Point Cloud Sparse Tensor error with SubMConv3dLayer: SubMmerge_sort: failed on 2nd step: cudaErrorIllegalAddress: an illegal memory access was encountered
JamesMcCullochDickens opened this issue · 3 comments
I'm trying to write code to go from a point cloud to a sparse tensor, and then do a SubMConv3dLayer convolution on the resulting sparse tensor. Here is what I have:
from typing import Union, Tuple, Optional
import torch, torch.nn as nn
import spconv.pytorch as spconv
def pcs_to_sparse_tensor(pcs: torch.Tensor, grid_size: float, pc_range: Tuple[float, float, float, float, float, float],
device_id: Optional[int], pad: int = 0) -> spconv.SparseConvTensor:
batch_size, num_points, C = pcs.shape
for i in range(3):
pcs[:, :, i] = torch.clamp(pcs[:, :, i], min=pc_range[i], max=pc_range[i+3])
pc_xyz_min = torch.tensor([pc_range[0], pc_range[1], pc_range[2]]).view(1, 1, 3)
displaced_coords = pcs-pc_xyz_min
coords = torch.div(displaced_coords, grid_size, rounding_mode="trunc").int()
coords = coords.reshape(-1, 3)
feats = pcs.reshape(-1, 3)
spatial_shape = []
for i in range(3):
spatial_shape.append(int(((pc_range[3]-pc_range[0])/grid_size) + pad))
repeat_vals = torch.tensor([num_points for _ in range(batch_size)])
batch_vals = torch.arange(0, batch_size, step=1)
batch_idx = torch.repeat_interleave(batch_vals, repeat_vals)
indices = torch.cat([batch_idx.unsqueeze(-1).int(), coords], dim=1).contiguous()
if device_id is not None:
feats = feats.to(device_id)
indices = indices.to(device_id)
sp_tensor = spconv.SparseConvTensor(
features=feats,
indices=indices,
spatial_shape=spatial_shape,
batch_size=batch_size
)
return sp_tensor
rand_pcs = torch.rand(3, 500, 3)
sp = pcs_to_sparse_tensor(rand_pcs, grid_size=0.01, device_id=2, pc_range=(-1., -1., -1., 1., 1., 1.))
layer = spconv.SubMConv3d(in_channels=3, out_channels=6,
kernel_size=3, indice_key="l1", padding=1,
stride=1, dilation=0).to(2)
output = layer(sp)
I'm getting the error:
"[Exception|implicit_gemm_pair]indices=torch.Size([1500, 4]),bs=3,ss=[300, 300, 300],algo=ConvAlgo.MaskImplicitGemm,ksize=[3, 3, 3],stride=[1, 1, 1],padding=[1, 1, 1],dilation=[0, 0, 0],subm=True,transpose=False
Traceback (most recent call last):
File "/home/jamesdickens/miniconda3/envs/pointcept/lib/python3.8/site-packages/spconv/pytorch/conv.py", line 408, in _conv_forward
raise e
File "/home/jamesdickens/miniconda3/envs/pointcept/lib/python3.8/site-packages/spconv/pytorch/conv.py", line 385, in _conv_forward
res = ops.get_indice_pairs_implicit_gemm(
File "/home/jamesdickens/miniconda3/envs/pointcept/lib/python3.8/site-packages/spconv/pytorch/ops.py", line 550, in get_indice_pairs_implicit_gemm
SpconvOps.sort_1d_by_key_allocator(pair_mask_tv[j],
RuntimeError: merge_sort: failed on 2nd step: cudaErrorIllegalAddress: an illegal memory access was encountered"
Any thoughts what I might be doing wrong?
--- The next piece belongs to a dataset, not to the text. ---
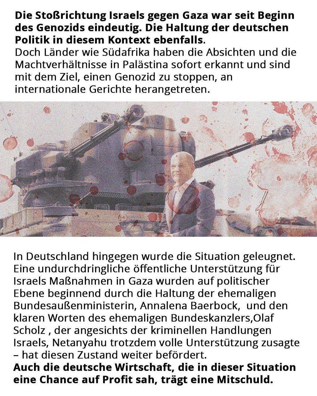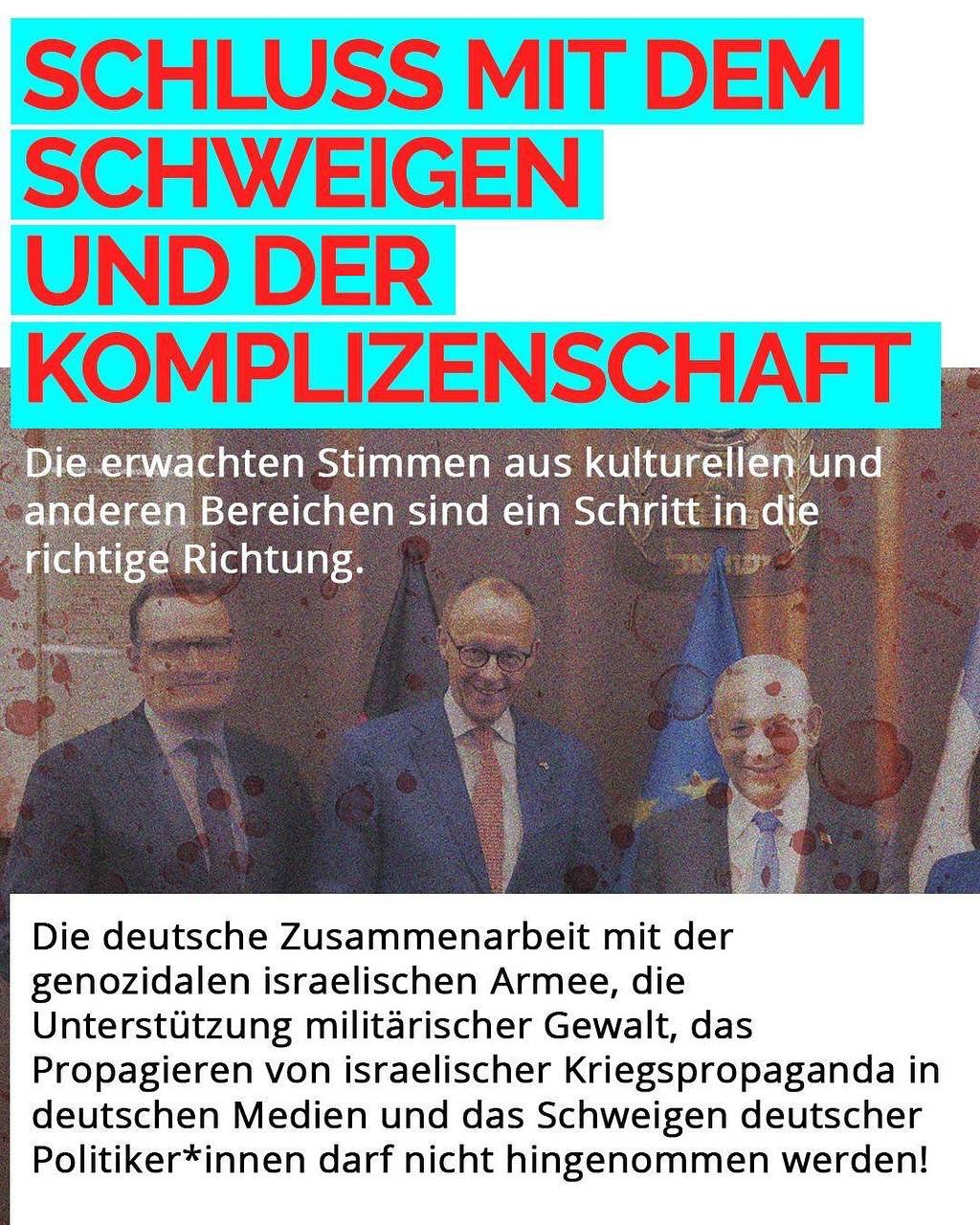 Die deutsche Zusammenarbeit mit der genozidalen israelischen Armee, die Unterstützung militärischer Gewalt, das Propagieren von israelischer Kriegspropaganda in deutschen Medien und das Schweigen deutscher Politiker*innen darf nicht hingenommen werden.

I'd be happy to give any other relevant details.
Edit: The error only occurs for gpu 2 and not gpu 0.
I seem to have fixed this issue looking at another github issue here:
#387
torch.cuda.set_device(device_id)
does the trick.
I haven't tried with distributed training yet but all seems good now. I guess there is some hardcoding of gpu 0 in the ops file somehow? Not sure. Anyway thanks for the great repo.